Sunday, January 12, 2020
Record 3,000 Christian Sites in Europe Vandalized in 2019
ROME — Christian sites in Europe suffered a record number of attacks in the year 2019, with some 3,000 Christian churches, schools, cemeteries, and monuments vandalized, looted, or defaced.
Reports compiling the anti-Christian acts during the year document a range of profanation including arson, defecation, desecration, looting, mockery, Satanism, theft, urination, and vandalism.
“Sadly, 2019 was punctuated by increasing incidents of desecration and vandalism of churches around Europe, along with the 2019 fire at the Notre-Dame Cathedral, which captured worldwide attention,” the director of The Observatory on Intolerance and Discrimination Against Christians in Europe, Ellen Fantini, told Breitbart News on Saturday.
“In most instances the perpetrators of these acts were unidentified, but the Observatory has documented that churches and other symbols of Christianity in Europe are targets for many groups — from Islamists to radical feminists, LGBT activists to anarchists and self-proclaimed Satanists,” Ms. Fantini said.
In all, some 3,000 Christian churches, schools, cemeteries, and monuments were vandalized, looted or defaced in Europe during 2019, making it a record year for anti-Christian sacrilege.
The greatest number of acts of violence against Christian sites have occurred in France, where churches, schools, cemeteries, and monuments “are being vandalized, desecrated, and burned at an average rate of three per day,” according to reports citing government statistics.
Germany is not far behind, with attacks against Christian churches happening at an average rate of two per day. Meanwhile, attacks on Christian churches and symbols regularly occurred in 2019 in Belgium, the UK, Denmark, Ireland, Italy, and Spain as well.
While the violence overwhelmingly involves Roman Catholic sites and symbols, in Germany, Protestant churches have also been targeted.
Police and mainstream media almost always censor information about the identities and ethnic backgrounds of the perpetrators, so it is difficult to get a clear idea as to who is committing the crimes and the motives behind them — especially when they are religiously driven.
In France and Germany, the sharp rise in anti-Christian attacks has coincided with the recent mass immigration from the Muslim world, yet the lack of official statistics makes it impossible to know precisely how many attacks can be attributed to Islamic anti-Christian hostility.
“European governments and politicians, with a few exceptions, seem reluctant to address this problem,” Ms. Fantini told Breitbart.
Fantini said she agrees with former UK Foreign Secretary Jeremy Hunt that “the UK and other Western governments have not grappled with the issue perhaps because of a misguided political correctness or an instinctive reluctance to talk about religion.”
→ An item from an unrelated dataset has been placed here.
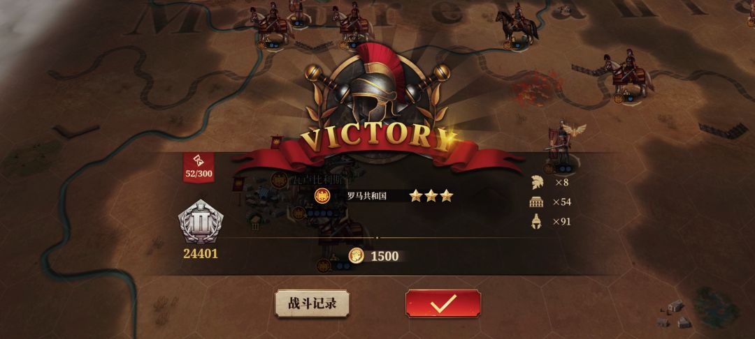 共计任命将领8名、先后反复争夺、防御性占领、完全占领54座城池、剩下91支军团,用时51回合。
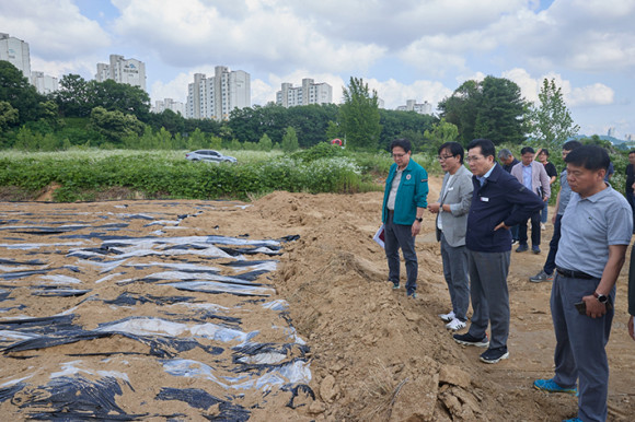 ¹Ú°æ±Í ½ÃÀå°ú °ü°è ºÎ¼ °ø¹«¿øµéÀÌ 8ÀÏ ÇöÀåÀ» ¹æ¹®ÇØ ±ä±Þ Á¶Ä¡ °á°ú¸¦ È®ÀÎÇϰí È®»ê ¹æÁö ¹× Àç¹ß ¹æÁö ´ëÃ¥À» ³íÀÇÇß´Ù.

In 2019, only nine European states reported hate crime data relating to Christians to the OSCE for their hate crime report, Fantini noted, which is fewer than the number of states that report hate crimes with an anti-Muslim or antisemitic bias.
According to Bishop Dominique Rey of Fréjus-Toulon, we are “witnessing the convergence of laicism – conceived as secularism, which relegates the faithful only to the private sphere and where every religious denomination is banal or stigmatized – with the overwhelming emergence of Islam, which attacks the infidels and those who reject the Koran.
“On one hand, we are mocked by the media that discredit the action of the Church, in particular regarding sexual abuse, and on the other, there is the strengthening of Islamic fundamentalism. These are two joint realities,” he said.